A Lei 13.465/2017 (Marco Legal das Garantias) criou um caminho alternativo para credores recuperarem veículos, máquinas e equipamentos sem passar pelo judiciário. Mas essa via extrajudicial tem regras claras — e violá-las pode anular o processo e gerar indenizações.

A recuperação extrajudicial de bens móveis é hoje uma das ferramentas mais relevantes para credores que financiam veículos, máquinas e equipamentos. Ela se baseia no Marco Legal das Garantias e permite que o credor, sob certas condições, recupere o bem diretamente — sem ajuizar ação de busca e apreensão.

Como funciona a via extrajudicial

Quando um devedor está em inadimplência, o contrato de financiamento pode prever cláusula que autoriza a retomada do bem sem intervenção judicial. O procedimento é mais rápido e menos custoso que a busca e apreensão tradicional, mas depende de alguns requisitos fundamentais.

O credor precisa enviar notificação escrita ao devedor, informando o inadimplemento e dando-lhe prazo para regularização. Esse aviso deve ser claro e acessível — o devedor tem direito a compreender exatamente o que está sendo cobrado e quando será tomada ação de recuperação.

Limites importantes

A lei não permite que o credor atue como juiz e executor ao mesmo tempo. Existem restrições claras: não é permitido invadir propriedades particulares, usar força excessiva ou constranger o devedor. A recuperação extrajudicial funciona melhor para bens que estejam em locais acessíveis — estacionamentos, garagens, vias públicas.

Se houver resistência ou risco de confronto, a via judicial (busca e apreensão) continua sendo a única segura. Tentar contornar isso expõe o credor a riscos de indenização por danos morais e materiais.

Conformidade com LGPD e notificação

A recuperação extrajudicial também exige cuidado com dados pessoais. O credor pode localizar o bem e o devedor conforme a finalidade contratual, mas deve respeitar a Lei Geral de Proteção de Dados. Compartilhar dados do mutuário com terceiros (localizadores, repossuidores) só é lícito com consentimento ou se a finalidade for explícita no contrato.

Documentação de tudo é essencial: fotos do bem, registros de localização, cópia da notificação entregue, relato do procedimento.
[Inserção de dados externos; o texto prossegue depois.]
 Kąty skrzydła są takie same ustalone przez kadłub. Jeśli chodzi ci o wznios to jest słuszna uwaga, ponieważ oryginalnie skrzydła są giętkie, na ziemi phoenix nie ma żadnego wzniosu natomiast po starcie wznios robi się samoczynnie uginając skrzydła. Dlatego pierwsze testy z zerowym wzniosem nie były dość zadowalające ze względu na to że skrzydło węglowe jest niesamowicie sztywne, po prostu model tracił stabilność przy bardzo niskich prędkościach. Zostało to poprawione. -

Esse arquivo será sua defesa se o devedor contestar judicialmente a recuperação.

Risco de judicialização

O devedor pode entrar na justiça questionando o procedimento, alegando que não foi notificado corretamente, que o bem foi removido ilegalmente ou que sofreu danos. Nesses casos, o credor precisa provar que agiu conforme o contrato e a lei. Falhas procedimentais — notificação inadequada, localização errada, falta de documentação — são argumentos fortes para anulação e até indenização.
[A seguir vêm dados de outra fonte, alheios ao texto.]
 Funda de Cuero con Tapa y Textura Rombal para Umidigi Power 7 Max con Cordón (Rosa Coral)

A recuperação extrajudicial é eficiente quando o procedimento é rigoroso. Credores devem garantir que o contrato preveja a cláusula de retomada com clareza, que a notificação ao devedor seja documentada e acessível, e que a localização e apreensão do bem sejam realizadas conforme os limites legais. Qualquer desvio — atuação de repossuidores sem treinamento, entrada em propriedade particular sem consentimento, ausência de notificação adequada — transforma um procedimento eficaz em risco de anulação e condenação ao credor. Revise seus procedimentos internos, padronize a documentação e considere terceiros qualificados para essa operação.